The request for a temporary restraining order was filed by Santa Ana resident Guadalupe Ocampo, who voted for Lopez in 2020 but alleges she now stands to be cut out of the Nov. 14 Lopez recall vote since she doesn’t live in the current boundaries.
There’s as many as 1,200 people in her situation.
For the first time since OC Registrar of Voters Bob Page advised Santa Ana leaders of the issues involved in the gathering of signatures for the recall, arguments were heard on both sides.
At Tuesday’s hearing, an attorney for the police union-sponsored recall committee said the City Clerk’s office was right to direct recall petitioners to use Lopez’s current ward boundaries.
“Because that’s what’s in Santa Ana’s law. And Santa Ana’s laws supersede any state statute to the contrary,” said recall committee attorney Mark Rosen on Tuesday.
Ocampo’s attorney, however, on Tuesday said the state elections code is clear that an elected official’s original electoral ward boundaries apply to recall elections – and that state elections code applies to recall elections under Santa Ana’s charter.
“Only the voters that put you in place can remove you from office, which is why the petition was insufficient,” said Ocampo’s attorney, Gary Winuk.
“And why the wrong electorate is voting.”
At Tuesday morning’s hearing, OC Superior Court Judge Craig L. Griffin said it was too late in the game to halt the recall election with ballots already mailed and the possibility that he might find the recall proponents’ procedures were sound.
Griffin said he needed more time to research the case, and that three things could come out of this:
“Number one: That they (recall organizers) did it just right and it’s not a problem. Number two: They did it wrong, but there was no time to challenge the certification and so it’s going to stand even if it’s wrong. Number three: It’s wrong in something that is so fundamental, it’s going to have to be thrown out.”
It comes after OC Registrar of Voters Bob Page, in late October, realized that there was uncertainty over which district map applied when recall proponents gathered signatures in the ward of Councilmember Jessie Lopez – a vocal police union critic – to prompt an election to unseat her.
In a letter last month, Page notified City Hall officials of the possible issue and requested direction.
City Council members, in a special meeting on Oct. 30, took no action after three police union-backed lawmakers argued against stopping the election.
The police union has spent more than $660,000 this year – as of Nov. 1 – on its campaign to unseat Lopez, according to newly released campaign finance disclosures, after Lopez voted against union pay raise demands last December.

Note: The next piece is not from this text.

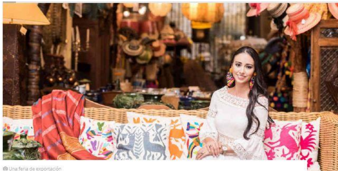
Una feria de exportación
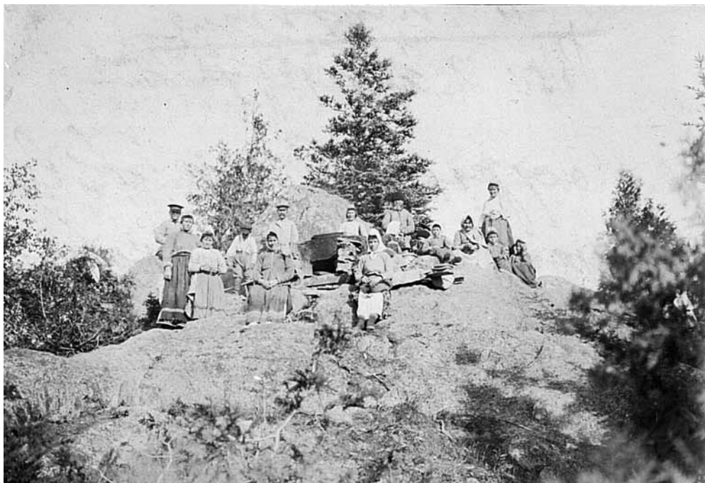
Рис. 4. Самодельная печка. Фотоотпечаток. Канада. Русские. 1899 г. МАЭ № 1692-7

The union’s campaign has been getting significant boosts from property owner and landlord advocacy groups who oppose Lopez over her vote in support of Santa Ana’s historic, 2021 citywide rent control law, most recently with a $100,000 contribution from the National Association of Realtors Fund.
The committee fighting Lopez’s recall has spent more than $123,000 this year as of Nov. 1, with $10,000 in independent spending support from a PAC run by the Latino organizing group Mijente, and $20,000 in spending from a PAC set up by the United Food and Commercial Workers.
“I gotta say it’s an interesting issue,” Griffin said at the hearing. “And I will say again, I have no idea. We’ll figure it out.”